Democrats in the White House and the US Congress accused 47 Republican senators of undermining US President Barack Obama in international talks to curb Iran’s nuclear program, saying that trying to upend diplomatic negotiations was tantamount to rushing into war with Tehran.
“The decision to undercut our president and circumvent our constitutional system offends me as a matter of principle,” US Vice President Joe Biden said in a statement.
In an open letter on Monday to the leaders of Iran, the Republican senators warned that any nuclear deal the Iranians cut with Obama could expire the day he leaves the White House. The letter was an aggressive attempt to make it more difficult for Obama and five world powers to strike an initial agreement by the end of the month to limit Iran’s nuclear program, which Tehran insists is for peaceful purposes.
Republicans worry that Iran is not negotiating in good faith, and that a deal would be insufficient and unenforceable, allowing Iran to eventually become a nuclear-armed state. They have made a series of proposals to undercut or block it — from requiring US Senate approval for any agreement to ordering new penalty sanctions against Iran or even making a pre-emptive declaration of war.
The Republicans’ move comes just days after Israeli Prime Minister Benjamin Netanyahu spoke to a joint meeting of Congress at Republican US House of Representatives Speaker John Boehner’s invitation.
In his address, Netanyahu bluntly told the US that a deal would pave Iran’s path to a nuclear bomb.
“I think it’s somewhat ironic that some members of Congress want to make common cause with the hardliners in Iran,” Obama said, referring to conservative Iranians who also are leery of, or downright against, the negotiations. “It’s an unusual coalition.”
The letter, written by first-term US Senator Tom Cotton, was addressed to the “Leaders of the Islamic Republic of Iran” and presents itself as a constitutional primer to the government of a US adversary.

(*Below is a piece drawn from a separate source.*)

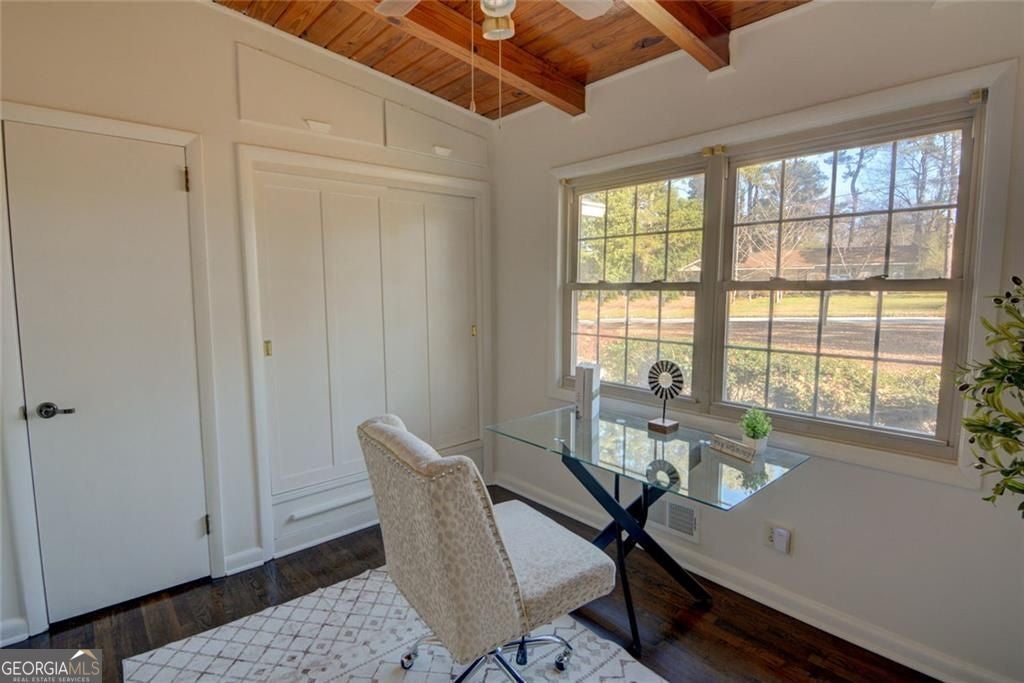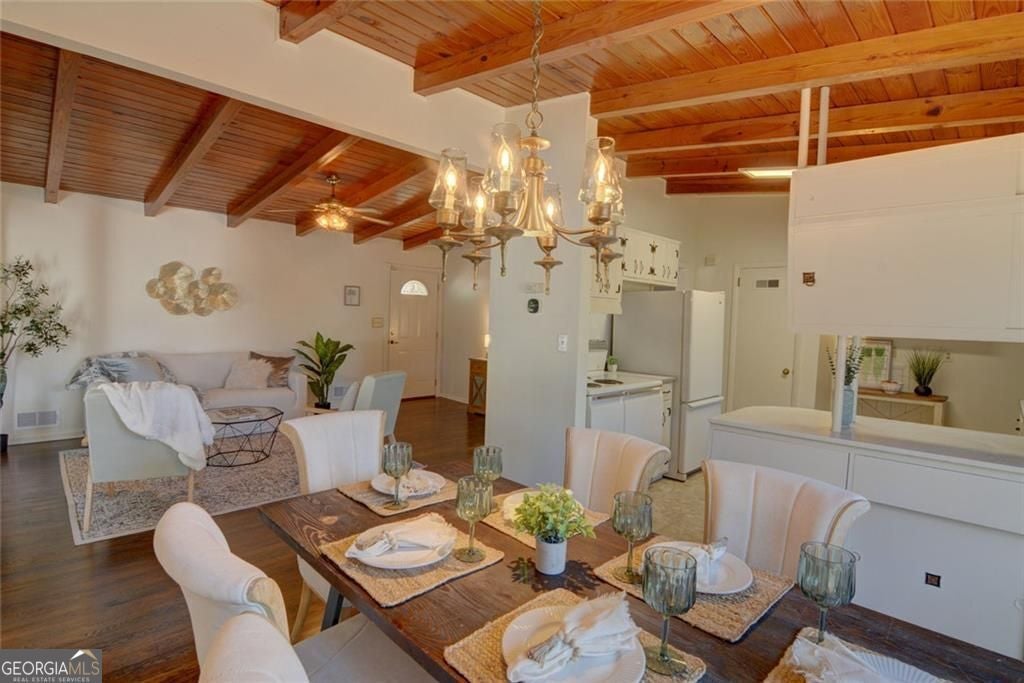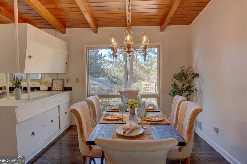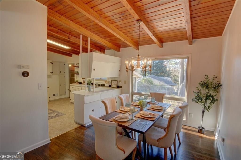 Look who got a facelift! This cherished mid-century bungalow has been lovingly refreshed and is now truly move-in ready, blending timeless character with thoughtful updates. Set on a spacious corner lot in Chamblee, this 1955 gem welcomes you with adorable curb appeal, parking for up to five cars, and classic architectural charm. Inside, original hardwood floors have been beautifully refinished in a rich walnut tone and fresh paint throughout brightens every space. Wood-beamed vaulted ceilings anchor the open living and dining areas, preserving the home's vintage soul while feeling fresh and inviting. The classic original kitchen now features new retro-inspired linoleum flooring and offers the perfect opportunity to enjoy as-is or personalize over time. The home includes three bedrooms, with a primary suite featuring a private half bath, plus a full hall bath. Just off the kitchen, a bright sunroom provides a peaceful year-round retreat. Downstairs, the basement has been fully gutted and professionally waterproofed, offering flexible space ready to be finished to suit your needs, whether that's extra living space, a workshop, or storage. Outside, the property continues to impress with a covered side patio, multiple sheds, and a woodworking workshop with a dust evacuation system. Practical upgrades including a tankless water heater and a Generac whole-house generator add comfort and peace of mind. With fresh updates, timeless mid-century details, and a fantastic lot, this lovingly cared-for home is ready for its next chapter.

US Senate Majority Leader Mitch McConnell’s signature is on it, as are those of several prospective presidential candidates.
Explaining the difference between a Senate-ratified treaty and a mere agreement between Obama and Iranian Supreme Leader Ayatollah Ali Khamenei, the senators wrote: “The next president could revoke such an executive agreement with the stroke of a pen, and future Congresses could modify the terms of the agreement at any time.”
Iranian Minister of Foreign Affairs Mohammed Javad Zarif said the letter suggests the US is “not trustworthy.”
Zarif was quoted by the Web site of Iranian state TV yesterday as saying the letter was “unprecedented and undiplomatic.”
He had earlier dismissed the letter as a “propaganda ploy.”
US Senate Minority Leader Harry Reid said Republicans were driven by animosity toward Obama and were unwilling to recognize that US voters had twice elected him president.